----- Entries supplied

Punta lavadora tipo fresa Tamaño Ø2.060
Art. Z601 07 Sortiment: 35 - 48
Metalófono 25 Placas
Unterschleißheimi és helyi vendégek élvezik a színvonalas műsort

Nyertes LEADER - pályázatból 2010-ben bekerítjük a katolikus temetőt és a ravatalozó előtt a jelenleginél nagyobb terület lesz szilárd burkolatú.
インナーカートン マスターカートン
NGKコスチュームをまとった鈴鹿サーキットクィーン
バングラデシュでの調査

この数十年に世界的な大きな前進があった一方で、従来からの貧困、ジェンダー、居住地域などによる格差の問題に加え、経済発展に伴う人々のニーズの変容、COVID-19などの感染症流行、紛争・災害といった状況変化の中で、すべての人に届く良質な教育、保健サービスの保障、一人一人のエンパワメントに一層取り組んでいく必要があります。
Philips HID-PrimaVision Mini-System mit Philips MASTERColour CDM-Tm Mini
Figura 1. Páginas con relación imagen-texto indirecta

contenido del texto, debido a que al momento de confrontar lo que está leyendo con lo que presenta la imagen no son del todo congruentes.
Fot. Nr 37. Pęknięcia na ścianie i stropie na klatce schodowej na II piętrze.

----------
----- Entries supplied

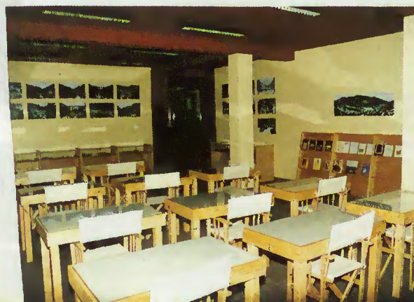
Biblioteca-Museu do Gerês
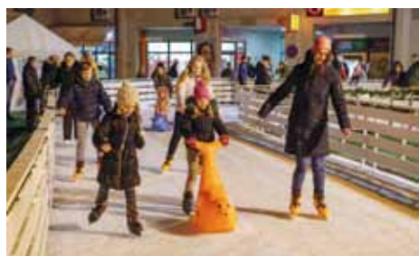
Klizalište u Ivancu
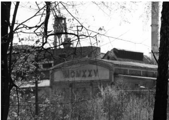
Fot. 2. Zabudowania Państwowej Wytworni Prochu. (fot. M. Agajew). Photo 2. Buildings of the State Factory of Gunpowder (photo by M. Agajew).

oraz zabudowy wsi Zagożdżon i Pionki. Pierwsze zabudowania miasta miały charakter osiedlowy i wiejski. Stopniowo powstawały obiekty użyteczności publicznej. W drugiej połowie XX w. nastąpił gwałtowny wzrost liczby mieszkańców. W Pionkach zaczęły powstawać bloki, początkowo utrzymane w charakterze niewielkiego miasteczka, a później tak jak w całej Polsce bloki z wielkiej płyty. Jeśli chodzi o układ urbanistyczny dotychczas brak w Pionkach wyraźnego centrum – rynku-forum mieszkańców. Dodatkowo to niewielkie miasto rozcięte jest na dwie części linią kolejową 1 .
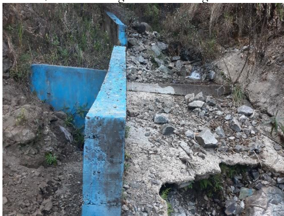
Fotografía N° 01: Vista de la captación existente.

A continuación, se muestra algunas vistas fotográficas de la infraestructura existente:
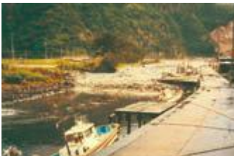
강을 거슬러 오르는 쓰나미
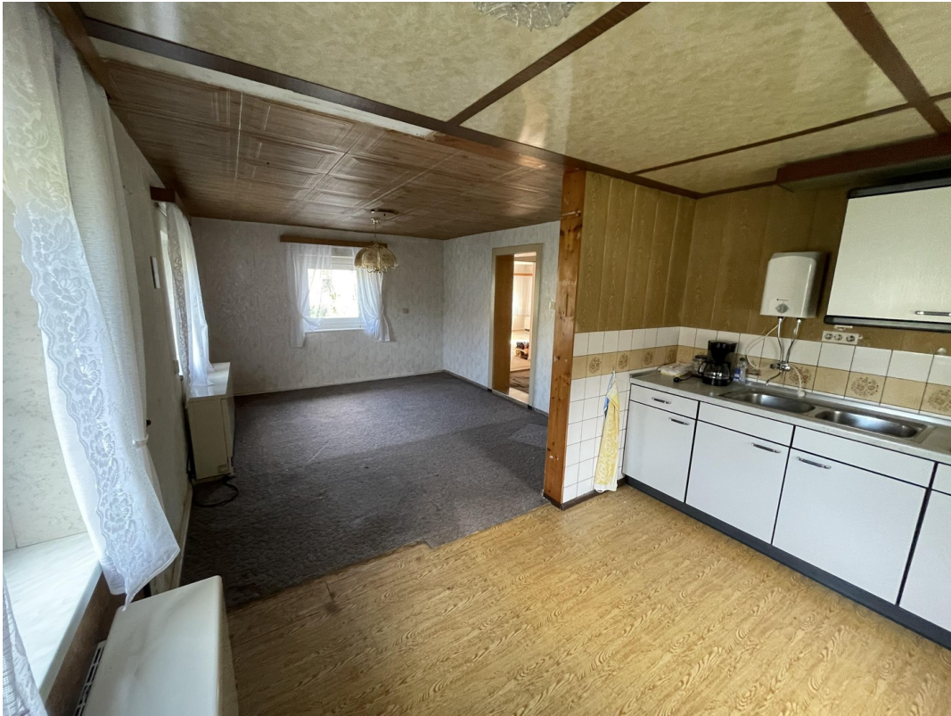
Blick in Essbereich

----------
----- Entries supplied

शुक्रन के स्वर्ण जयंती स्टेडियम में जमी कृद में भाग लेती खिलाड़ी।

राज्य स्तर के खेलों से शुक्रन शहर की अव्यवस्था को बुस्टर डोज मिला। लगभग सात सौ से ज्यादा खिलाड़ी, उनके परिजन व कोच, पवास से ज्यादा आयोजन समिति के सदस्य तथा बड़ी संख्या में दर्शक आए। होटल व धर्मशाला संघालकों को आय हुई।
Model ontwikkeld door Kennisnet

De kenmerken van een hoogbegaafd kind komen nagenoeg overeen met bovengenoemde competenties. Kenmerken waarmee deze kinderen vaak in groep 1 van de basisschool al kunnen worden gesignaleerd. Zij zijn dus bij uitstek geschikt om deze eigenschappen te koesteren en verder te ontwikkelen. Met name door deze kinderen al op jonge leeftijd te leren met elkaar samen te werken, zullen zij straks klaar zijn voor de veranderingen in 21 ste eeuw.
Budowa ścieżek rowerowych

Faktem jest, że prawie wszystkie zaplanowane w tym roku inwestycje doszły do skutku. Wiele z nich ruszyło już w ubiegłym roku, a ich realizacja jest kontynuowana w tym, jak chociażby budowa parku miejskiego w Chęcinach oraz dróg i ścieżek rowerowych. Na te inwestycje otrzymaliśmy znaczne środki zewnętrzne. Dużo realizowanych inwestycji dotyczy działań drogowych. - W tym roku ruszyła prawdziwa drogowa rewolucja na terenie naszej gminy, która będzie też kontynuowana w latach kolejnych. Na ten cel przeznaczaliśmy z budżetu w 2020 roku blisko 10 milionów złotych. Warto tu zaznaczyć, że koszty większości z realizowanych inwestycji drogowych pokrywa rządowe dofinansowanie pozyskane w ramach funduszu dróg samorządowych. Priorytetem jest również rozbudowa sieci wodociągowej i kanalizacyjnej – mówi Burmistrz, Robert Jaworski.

----------

> Task to complete:
When you reach the line with "Klizalište u Ivancu" in the records above, begin repeating the lines exactly, and stop after the line with "Fot. 2. Zabudowania". Skip all pictures.

> Result for this task:
Klizalište u Ivancu
Fot. 2. Zabudowania Państwowej Wytworni Prochu. (fot. M. Agajew). Photo 2. Buildings of the State Factory of Gunpowder (photo by M. Agajew).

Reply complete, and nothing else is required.